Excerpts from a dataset
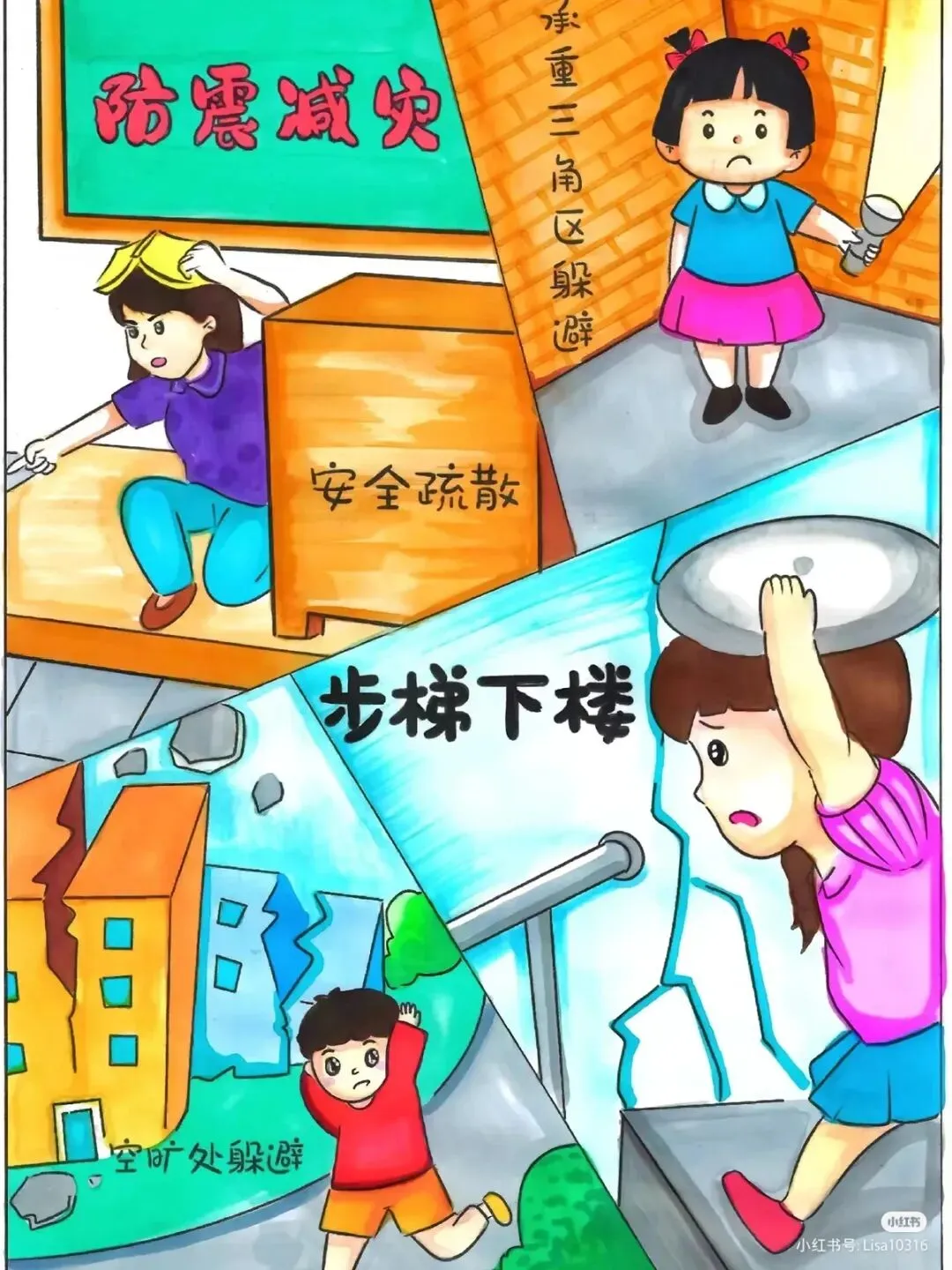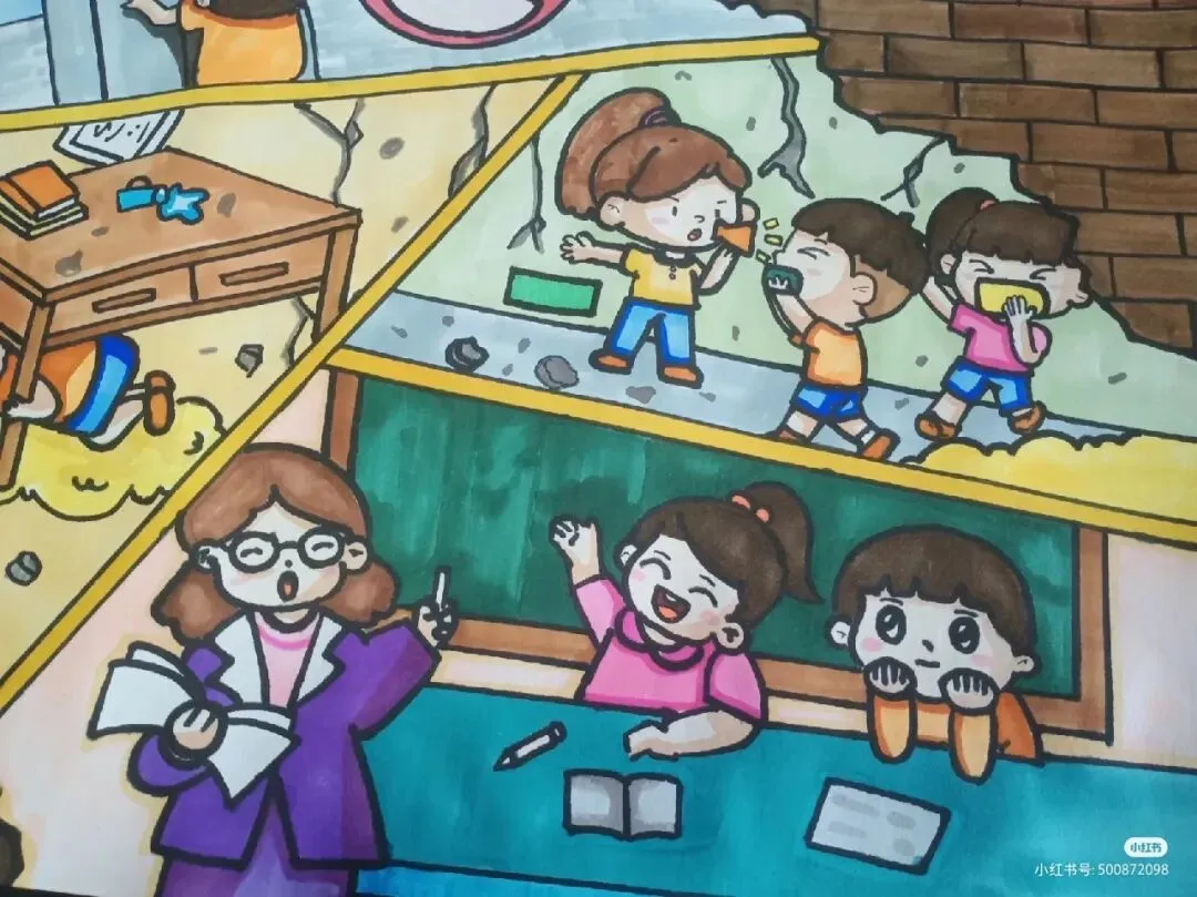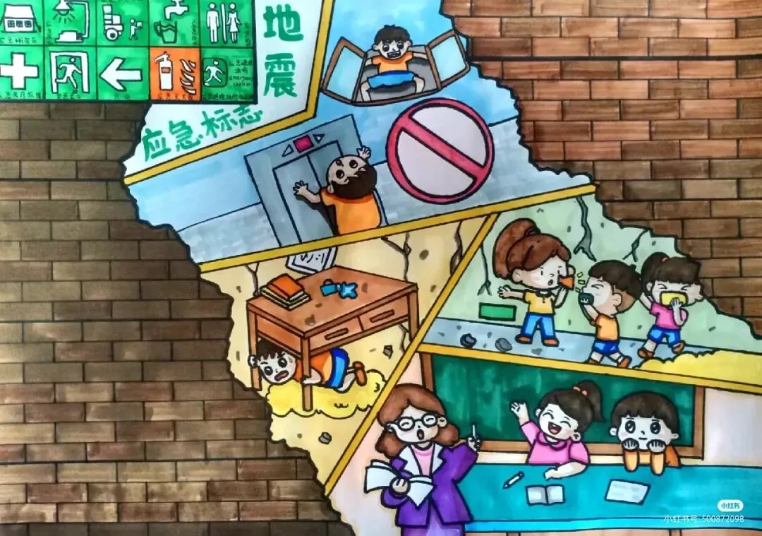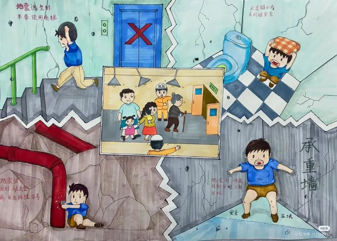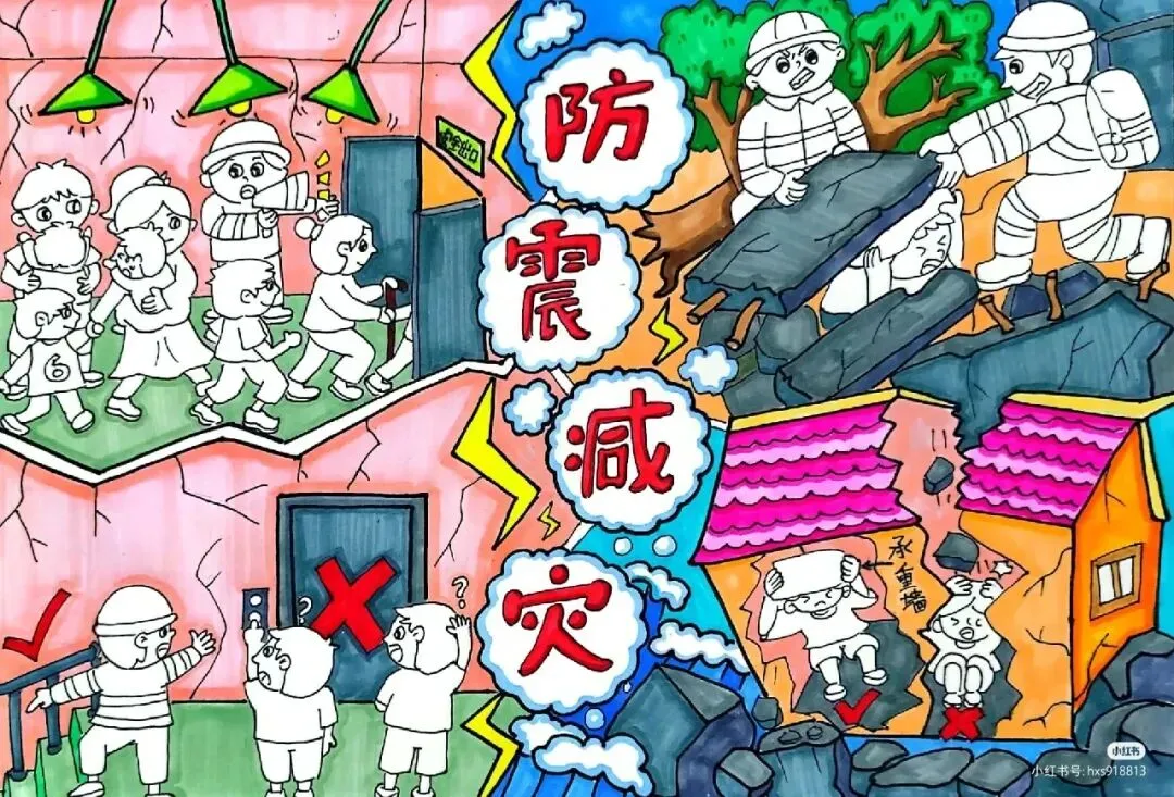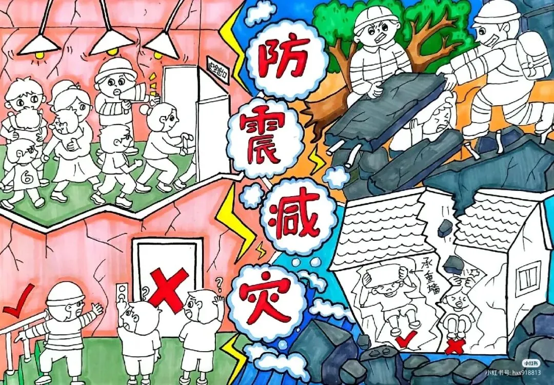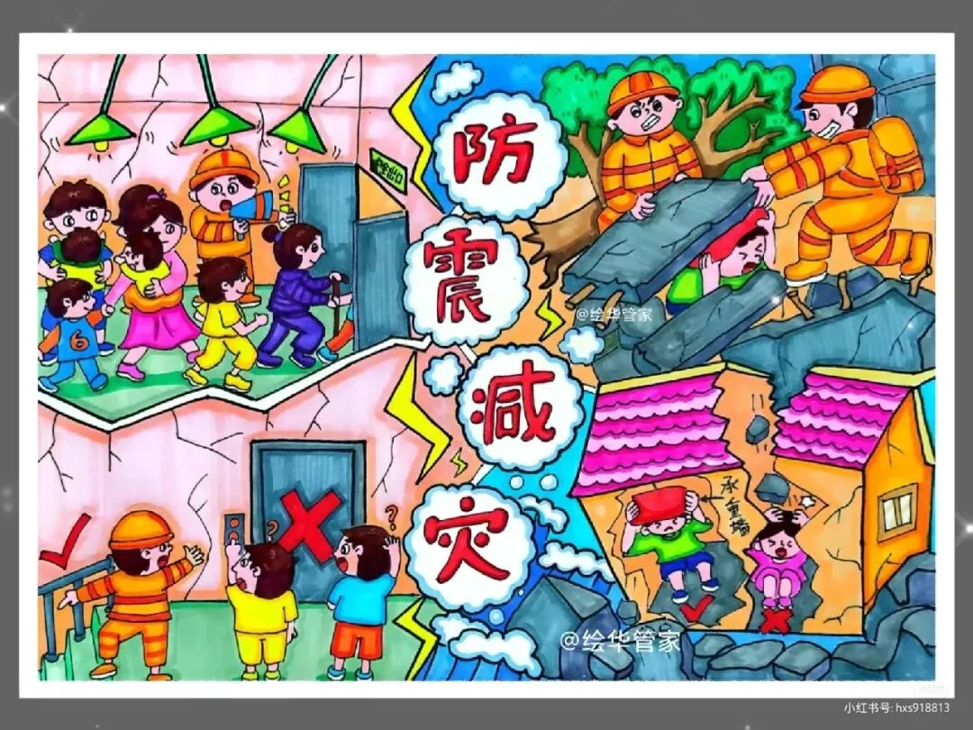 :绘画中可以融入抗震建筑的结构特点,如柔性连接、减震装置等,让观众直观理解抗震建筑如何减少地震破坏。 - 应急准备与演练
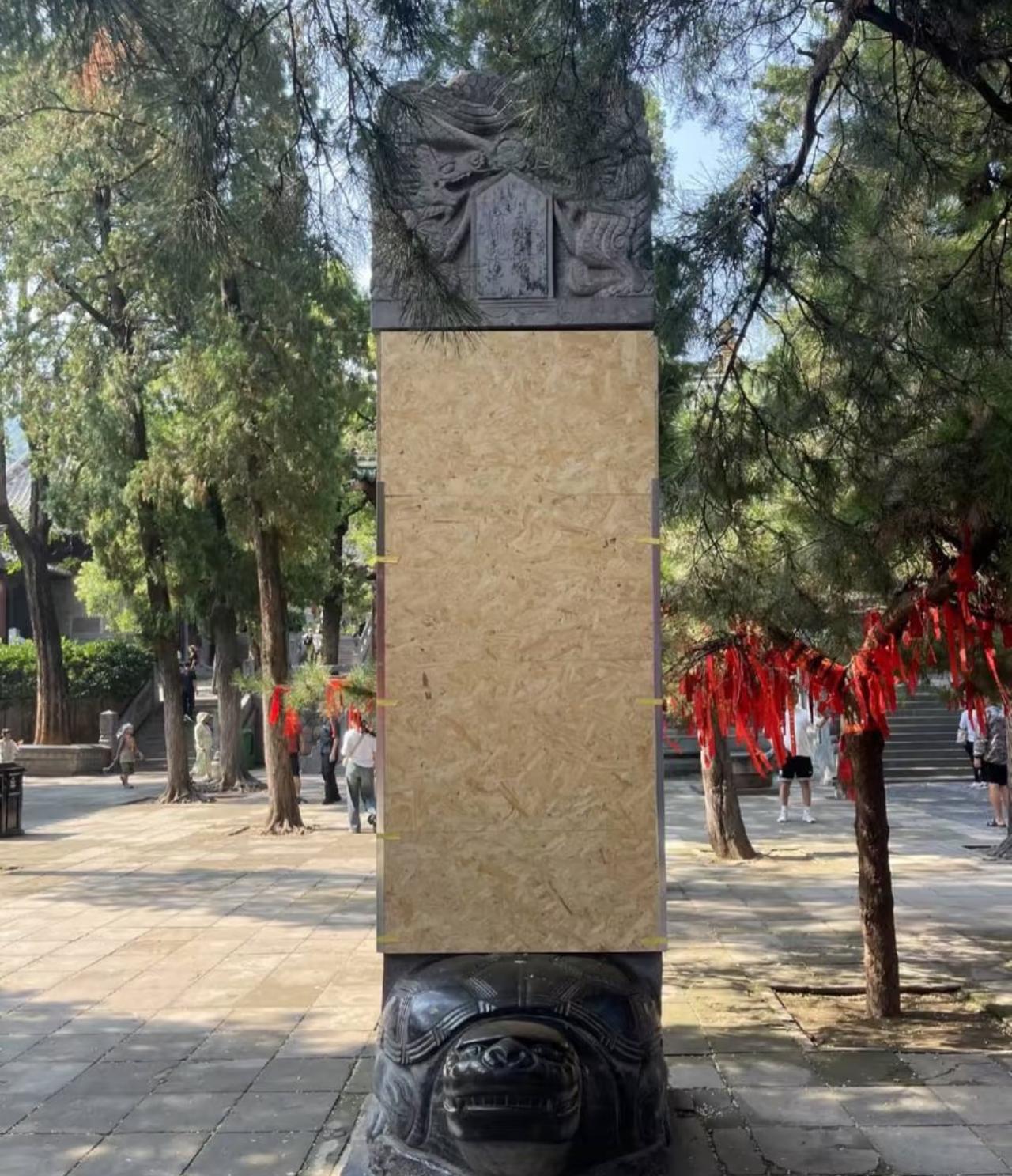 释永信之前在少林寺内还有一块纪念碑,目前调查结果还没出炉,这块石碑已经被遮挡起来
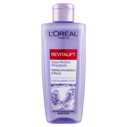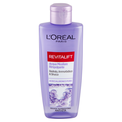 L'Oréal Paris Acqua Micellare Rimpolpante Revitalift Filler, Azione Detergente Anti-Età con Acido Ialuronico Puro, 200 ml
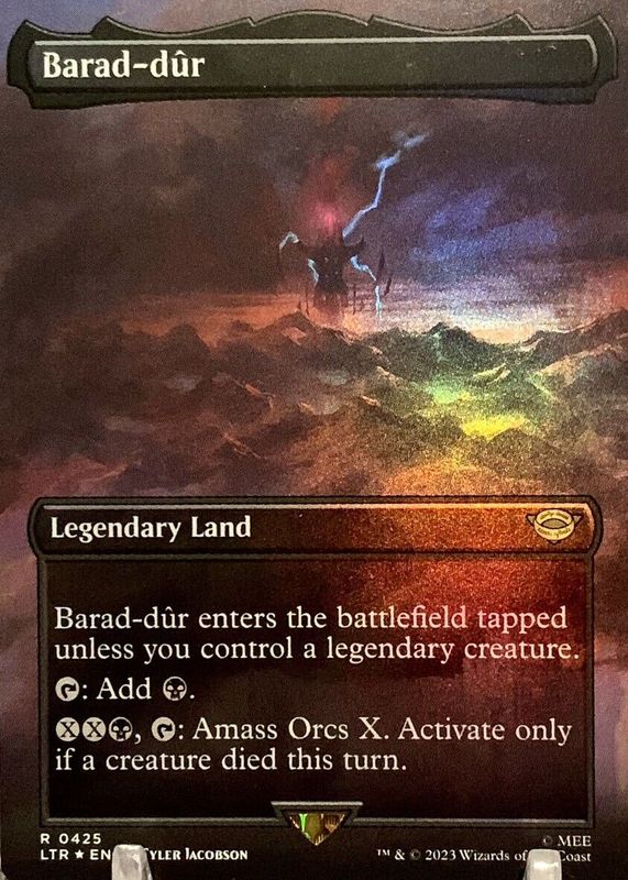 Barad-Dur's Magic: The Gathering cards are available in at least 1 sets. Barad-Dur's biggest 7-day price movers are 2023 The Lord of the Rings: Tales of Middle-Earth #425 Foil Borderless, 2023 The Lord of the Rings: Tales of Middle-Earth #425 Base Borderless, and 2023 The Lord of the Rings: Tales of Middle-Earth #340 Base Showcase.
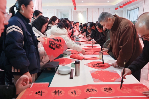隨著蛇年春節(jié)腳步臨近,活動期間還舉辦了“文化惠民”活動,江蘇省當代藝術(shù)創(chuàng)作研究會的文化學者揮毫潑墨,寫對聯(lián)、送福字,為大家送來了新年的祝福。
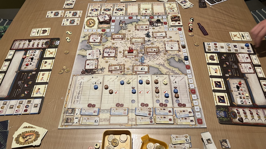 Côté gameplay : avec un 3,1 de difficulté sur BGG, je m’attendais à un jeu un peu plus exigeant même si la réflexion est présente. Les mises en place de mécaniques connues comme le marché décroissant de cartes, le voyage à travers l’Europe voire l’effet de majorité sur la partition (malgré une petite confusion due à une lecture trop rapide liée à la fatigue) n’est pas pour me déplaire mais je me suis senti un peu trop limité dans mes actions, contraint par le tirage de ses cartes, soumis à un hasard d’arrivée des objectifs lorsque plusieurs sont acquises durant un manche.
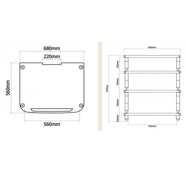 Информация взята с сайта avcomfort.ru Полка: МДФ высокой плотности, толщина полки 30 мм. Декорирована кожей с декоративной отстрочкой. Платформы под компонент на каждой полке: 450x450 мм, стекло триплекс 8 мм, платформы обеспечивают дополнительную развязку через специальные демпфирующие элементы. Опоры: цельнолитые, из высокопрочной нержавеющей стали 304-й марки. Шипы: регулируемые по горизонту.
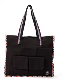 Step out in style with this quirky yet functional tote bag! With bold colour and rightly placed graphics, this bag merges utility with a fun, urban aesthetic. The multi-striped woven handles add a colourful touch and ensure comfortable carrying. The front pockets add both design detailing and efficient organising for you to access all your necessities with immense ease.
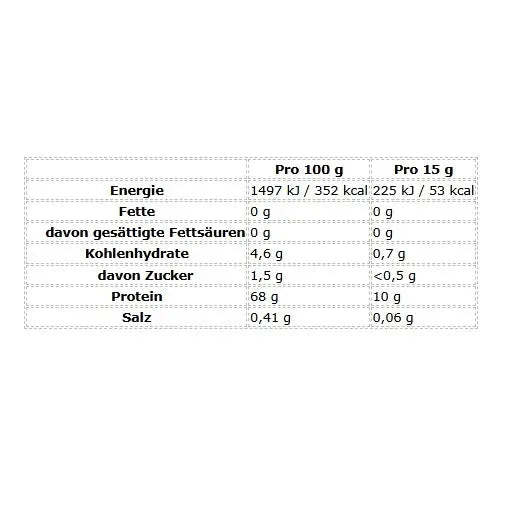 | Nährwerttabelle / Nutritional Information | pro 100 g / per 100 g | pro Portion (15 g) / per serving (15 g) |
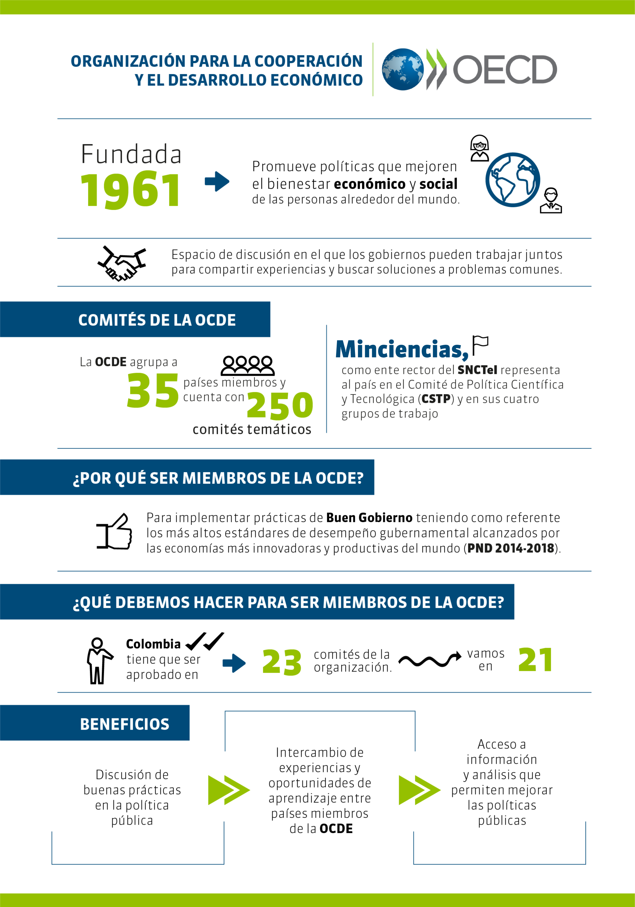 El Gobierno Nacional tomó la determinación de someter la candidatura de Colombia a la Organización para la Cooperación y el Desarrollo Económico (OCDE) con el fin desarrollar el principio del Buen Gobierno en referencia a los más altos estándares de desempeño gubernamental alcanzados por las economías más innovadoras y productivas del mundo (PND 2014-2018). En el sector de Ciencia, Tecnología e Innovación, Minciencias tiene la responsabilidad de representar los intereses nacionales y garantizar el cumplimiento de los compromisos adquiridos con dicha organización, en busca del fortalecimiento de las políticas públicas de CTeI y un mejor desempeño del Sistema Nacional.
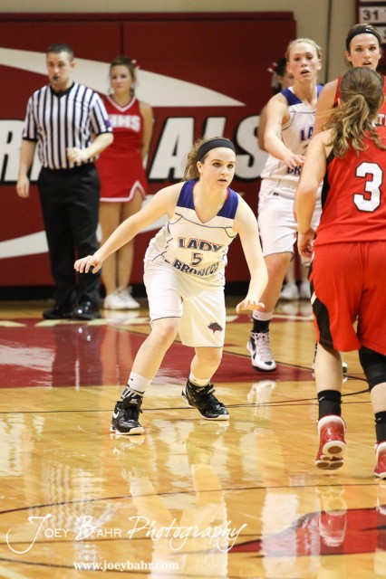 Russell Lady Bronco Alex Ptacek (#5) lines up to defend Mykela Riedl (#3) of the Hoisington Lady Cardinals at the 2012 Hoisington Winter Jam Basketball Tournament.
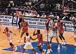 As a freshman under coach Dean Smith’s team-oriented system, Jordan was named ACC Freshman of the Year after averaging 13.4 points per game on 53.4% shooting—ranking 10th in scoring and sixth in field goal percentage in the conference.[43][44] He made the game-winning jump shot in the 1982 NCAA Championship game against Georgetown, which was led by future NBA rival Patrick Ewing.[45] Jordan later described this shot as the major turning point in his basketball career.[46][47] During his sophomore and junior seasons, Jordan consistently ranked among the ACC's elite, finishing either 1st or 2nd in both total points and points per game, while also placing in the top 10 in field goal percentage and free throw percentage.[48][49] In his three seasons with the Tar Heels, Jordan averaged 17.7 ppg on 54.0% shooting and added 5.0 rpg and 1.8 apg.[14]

:: Required action ::
A faithful copy of all the data above, without its pictures, is the expected result.

:: Response to the task ::
 :绘画中可以融入抗震建筑的结构特点,如柔性连接、减震装置等,让观众直观理解抗震建筑如何减少地震破坏。 - 应急准备与演练
 释永信之前在少林寺内还有一块纪念碑,目前调查结果还没出炉,这块石碑已经被遮挡起来
 L'Oréal Paris Acqua Micellare Rimpolpante Revitalift Filler, Azione Detergente Anti-Età con Acido Ialuronico Puro, 200 ml
 Barad-Dur's Magic: The Gathering cards are available in at least 1 sets. Barad-Dur's biggest 7-day price movers are 2023 The Lord of the Rings: Tales of Middle-Earth #425 Foil Borderless, 2023 The Lord of the Rings: Tales of Middle-Earth #425 Base Borderless, and 2023 The Lord of the Rings: Tales of Middle-Earth #340 Base Showcase.
隨著蛇年春節(jié)腳步臨近,活動期間還舉辦了“文化惠民”活動,江蘇省當代藝術(shù)創(chuàng)作研究會的文化學者揮毫潑墨,寫對聯(lián)、送福字,為大家送來了新年的祝福。
 Côté gameplay : avec un 3,1 de difficulté sur BGG, je m’attendais à un jeu un peu plus exigeant même si la réflexion est présente. Les mises en place de mécaniques connues comme le marché décroissant de cartes, le voyage à travers l’Europe voire l’effet de majorité sur la partition (malgré une petite confusion due à une lecture trop rapide liée à la fatigue) n’est pas pour me déplaire mais je me suis senti un peu trop limité dans mes actions, contraint par le tirage de ses cartes, soumis à un hasard d’arrivée des objectifs lorsque plusieurs sont acquises durant un manche.
 Информация взята с сайта avcomfort.ru Полка: МДФ высокой плотности, толщина полки 30 мм. Декорирована кожей с декоративной отстрочкой. Платформы под компонент на каждой полке: 450x450 мм, стекло триплекс 8 мм, платформы обеспечивают дополнительную развязку через специальные демпфирующие элементы. Опоры: цельнолитые, из высокопрочной нержавеющей стали 304-й марки. Шипы: регулируемые по горизонту.
 Step out in style with this quirky yet functional tote bag! With bold colour and rightly placed graphics, this bag merges utility with a fun, urban aesthetic. The multi-striped woven handles add a colourful touch and ensure comfortable carrying. The front pockets add both design detailing and efficient organising for you to access all your necessities with immense ease.
 | Nährwerttabelle / Nutritional Information | pro 100 g / per 100 g | pro Portion (15 g) / per serving (15 g) |
 El Gobierno Nacional tomó la determinación de someter la candidatura de Colombia a la Organización para la Cooperación y el Desarrollo Económico (OCDE) con el fin desarrollar el principio del Buen Gobierno en referencia a los más altos estándares de desempeño gubernamental alcanzados por las economías más innovadoras y productivas del mundo (PND 2014-2018). En el sector de Ciencia, Tecnología e Innovación, Minciencias tiene la responsabilidad de representar los intereses nacionales y garantizar el cumplimiento de los compromisos adquiridos con dicha organización, en busca del fortalecimiento de las políticas públicas de CTeI y un mejor desempeño del Sistema Nacional.
 Russell Lady Bronco Alex Ptacek (#5) lines up to defend Mykela Riedl (#3) of the Hoisington Lady Cardinals at the 2012 Hoisington Winter Jam Basketball Tournament.
 As a freshman under coach Dean Smith’s team-oriented system, Jordan was named ACC Freshman of the Year after averaging 13.4 points per game on 53.4% shooting—ranking 10th in scoring and sixth in field goal percentage in the conference.[43][44] He made the game-winning jump shot in the 1982 NCAA Championship game against Georgetown, which was led by future NBA rival Patrick Ewing.[45] Jordan later described this shot as the major turning point in his basketball career.[46][47] During his sophomore and junior seasons, Jordan consistently ranked among the ACC's elite, finishing either 1st or 2nd in both total points and points per game, while also placing in the top 10 in field goal percentage and free throw percentage.[48][49] In his three seasons with the Tar Heels, Jordan averaged 17.7 ppg on 54.0% shooting and added 5.0 rpg and 1.8 apg.[14]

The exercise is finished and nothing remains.